Laurie Taylor column

十一月 22, 2002

"Quasi-academic degrees are winning favour" - THES , November 15.

Item 16 on the agenda. Statement by Professor Lapping.

Thank you, Dr Quintock. Some of you around this table will remember that fateful day back in 1976 when the name of this department was changed from the Department of Social Studies to the Department of Media and Cultural Studies. As events have shown, that was a bold and prescient move.

Hear, hear.

At the time there were those who felt that abandoning the massive theoretical legacy of Marx, Comte, Weber and Durkheim for nothing more than half-a-dozen badly written monographs on Dynasty and Coronation Street was an act of intellectual philistinism. But the results in terms of student recruitment speak for themselves.

Hear, hear.

How long, though, will that situation persist? All around the country brand new courses are taking off - courses in video-game design, music therapy, kebab retailing, university management, feng shui, and advanced body piercing. Are we in danger of being left behind? Is media studies becoming a tad passé ? Is now the moment to say goodbye to genre, text, narrative, encoding, the male gaze, bricolage and signifying practices and engage with the new intellectual currents of thought that characterise the disciplines of golf studies or sports science?

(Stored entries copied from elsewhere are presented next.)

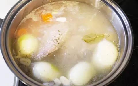 4.一度沸騰させて灰汁を丁寧に取った後、お好みのハーブを加えます。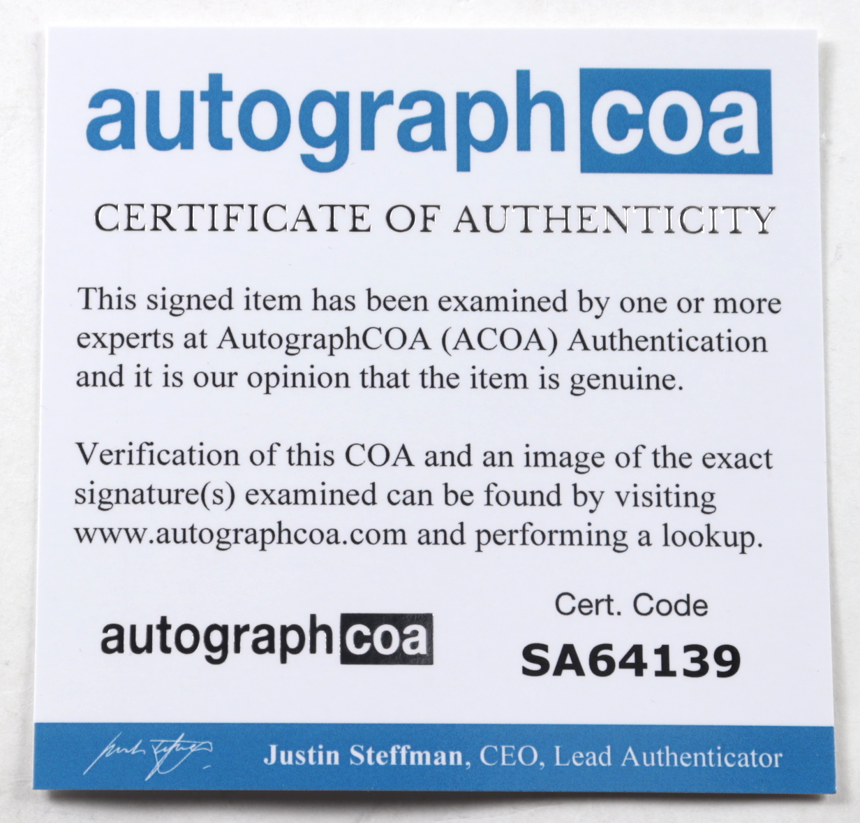 Authentication: AutographCOA COA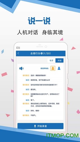 真实的生活场景,让你在学习中体验生活的乐趣!选择你感兴趣的日常生活场景,学习对应场景的常用语句和对话,在标准音的带读下学习发音并进行朗读练习,系统会自动评测你的声音,助你多次练习直至完美。场景覆盖购物、就医、交通等各个方面,每个场景都配有生动的插图和实用的对话范例。用户还可以录制自己的发音与标准音对比,直观了解发音差异。
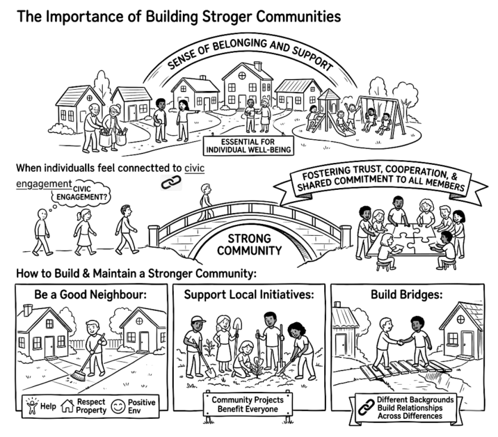 When individuals feel connected to their community, they are more likely to participate in civic engagement and contribute to collective problem-solving. A strong community acts as a bridge between individuals and the broader society, fostering trust, cooperation, and a shared commitment to the well-being of all members.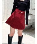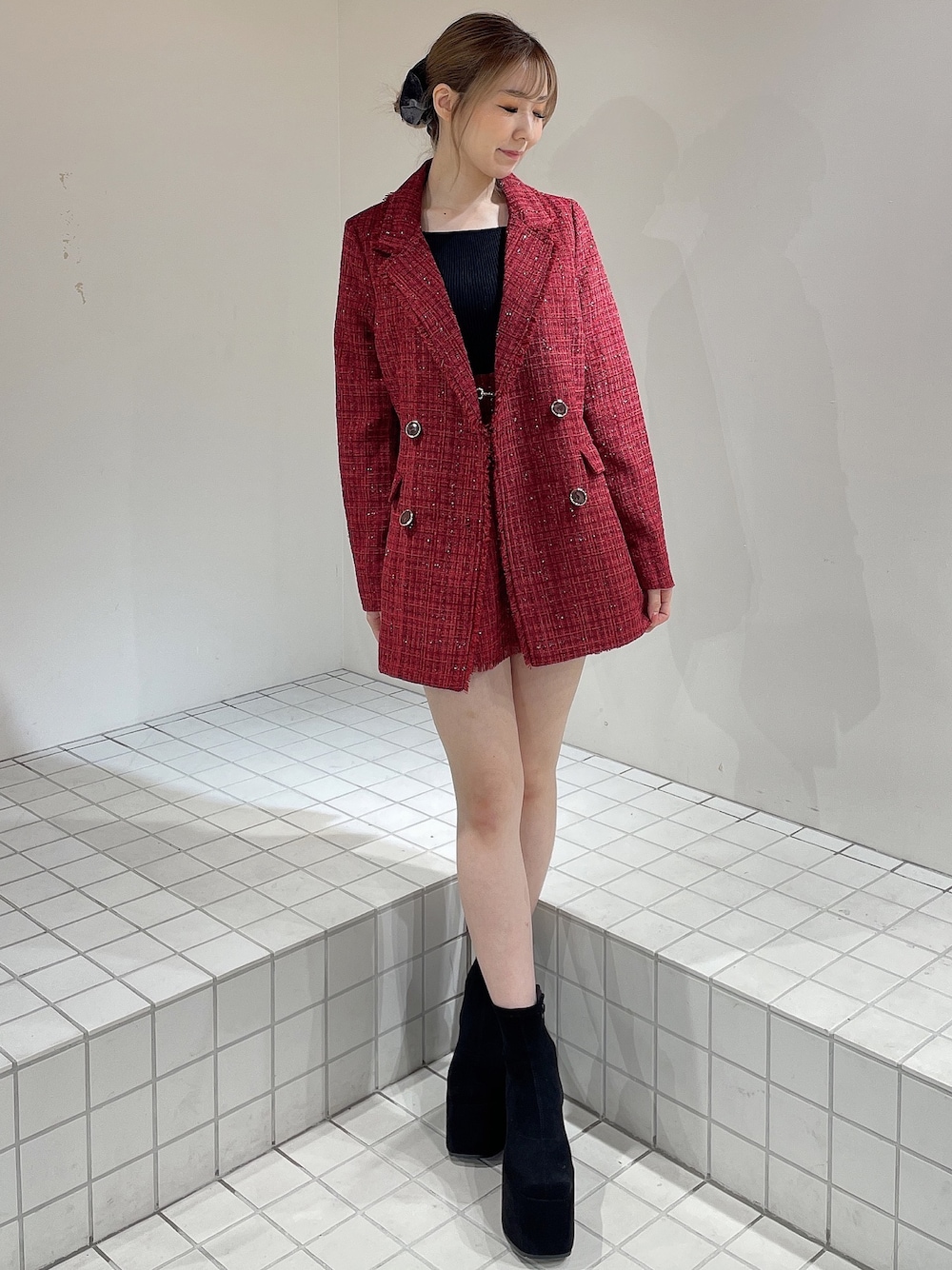 【ジャケット】秋冬に可愛いツイードジャケット♡ラメラメ感がとっても映えて可愛いです♡お値段以上に高見えするツイード素材なので、合わせるアイテムはベーシックな中ものがオススメです!丈は162cmでヒップがスッキリ隠れます!これからイルミネーションの時期にもオススメです♪ 【スカート】チェーン部分がハートになっているのが可愛らしいです♡インナーパンツ付きなので、ハイウエストでミニでも履きやすいです!台形のシルエットなので、自然とヒップがカバーできます◎ 【トップス】スクエアネックでデコルテが綺麗に見えるシンプルニットです◎胸元は開きすぎないので、華奢な方にもオススメです!長さはしっかりインできるぐらい着丈はあります! 【ブーツ】とにかく盛れます♡圧倒的な高さと軽さがイチオシポイントのブーツです!ヒールは12.5~13cmとなっており、脚長効果抜群です♡高低差が緩いので、ヒール初心者さんにもオススメです◎

Professor Lapping, those are indeed bold questions. But if we do decide to reconstitute this department, then it should surely be on the basis of a free vote. Your own preference for a sports-oriented department has already been made far too evident.

In what way?

It not only loomed large in your presentation but...

To the point, Dr Quintock.

Am I the only one in the room who noticed that our traditional tea and biscuits had been replaced this afternoon by a plate of orange halves?